Были времена, когда Корделия сильнее всего на свете желала услышать эти слова. И вот он произнес их, но она почему-то не верила в его любовь. Девушка не знала, что двигало им – возможно, сострадание к ней, а может, даже сожаления о той жизни, которую они вели вдвоем на Керзон-стрит. Он же сказал, что был счастлив тогда. А насчет Грейс… она никогда не думала, что Грейс делает его счастливым; Джеймс был несчастен, он тосковал и страдал по ней, но, видимо, эти страдания были для него прекраснее мирной семейной жизни. Кроме того, Корделия считала, что о чувствах человека следует судить по поступкам; она допускала, что нравилась Джеймсу, что он желал ее как женщину, но если бы он ее любил…

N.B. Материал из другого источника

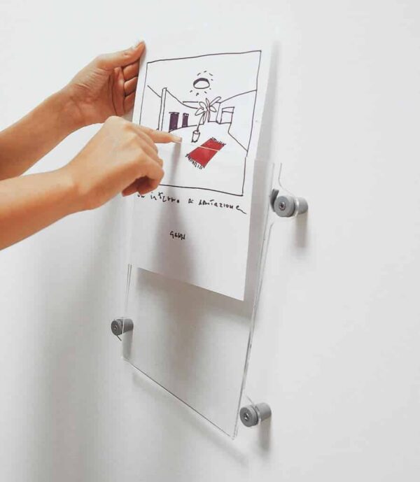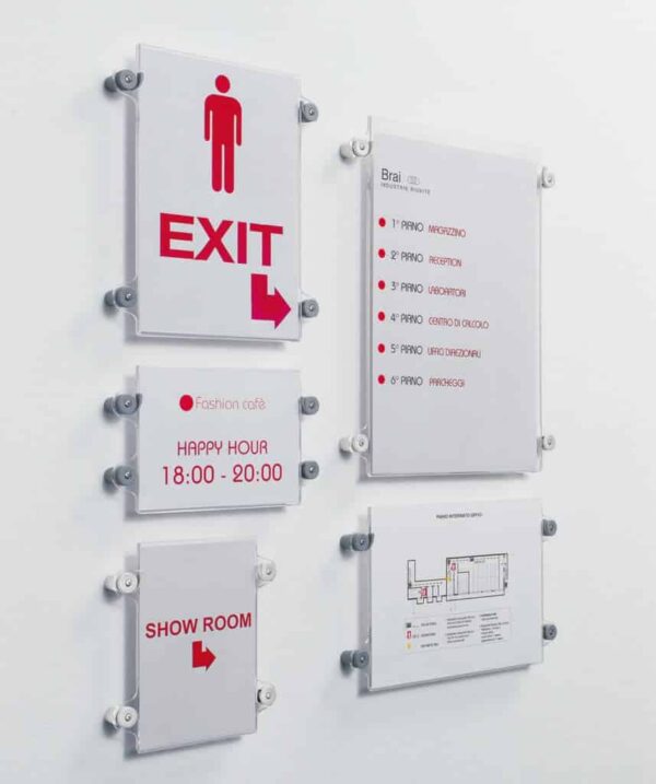 Sistema patentado de señalizacion y comunicacion compuesto por una serie completa de expositores y portafollettos en metacrilato trasparente, disponibles en diversos formatos. Terminales de conexion en tecnopolimero. Los expositores pueden aplicarse a la pared de vidrio mediante biadhesivo, o mediante fijación directa a la pared con tornillos o con soporte de pared de bandera de una o dos caras.

В тот вечер он велел бы Грейс уходить из его дома.
Завязав шнурки на ботинках, она вышла в гостиную, но комната была пуста. Дверь в комнату Мэтью была закрыта, Джеймс тоже куда-то исчез.
Зеленая бутылка с абсентом по-прежнему стояла на столе. Корделия вспомнила Мэтью – как он целовал ее, как он побелел, спрашивая, не заходил ли Джеймс в его комнату.
С тяжелым, неприятным чувством она вышла в коридор, сверкавший позолотой и оформленный в голубых тонах. Она заметила портье, выходившего из соседнего номера.
– Monsieur! – окликнула она слугу и поспешила к нему. Она решила по крайней мере съесть хоть что-нибудь перед дорогой. – Я хотела бы узнать насчет завтрака…
– Ah, madame, – воскликнул портье. – Не беспокойтесь об этом. Ваш спутник уже заказал завтрак, его скоро принесут.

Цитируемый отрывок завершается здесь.